Por Aline Pereira
Nesta coluna, compartilho os últimos meses ao lado de Victor, entre conquistas, desafios e despedidas. Recordo nossa rotina de viagens, o apoio mútuo em meus estudos, sua paixão por motos e a difícil despedida de seu pai. Momentos de felicidade e apreensão se entrelaçam, revelando o amor e a parceria que sempre nos uniram.

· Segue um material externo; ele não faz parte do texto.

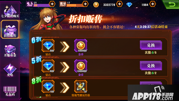折扣贩售中各种资源打折出售,前期金币来源充足,所以小编不推荐用钻石买金币,每天点金点几次就够用了。而购买稀缺资源却是很划算的,尤其是3星驾驶员和EVA碎片宝箱。

Em 2023, iniciei minha pós-graduação em Estética como um complemento à minha trajetória, movida pela minha sede de conhecimento. Victor me apoiou incondicionalmente, chegando a me levar até Goiânia para as aulas práticas quando necessário. Essas viagens eram especiais, momentos nossos, em que conversávamos sobre a vida, a existência, os sonhos. Ele sempre demonstrava todo o carinho e dedicação que podia me oferecer. Estávamos bem. Estávamos felizes.
No final do ano, em dezembro, Victor foi acampar com um amigo. Ele adorava compartilhar comigo cada detalhe dessas aventuras, e eu achava graça da forma como contava suas histórias. Luiza, por outro lado, sentiu muito a ausência dele. Durante a madrugada, chegou a acordar chorando de saudade. Mas eu sabia o quanto esses momentos eram importantes para ele. No acampamento, acabou sendo mordido por uma formiga e teve uma reação alérgica, mas nada disso o impediu de aproveitar o momento com o amigo.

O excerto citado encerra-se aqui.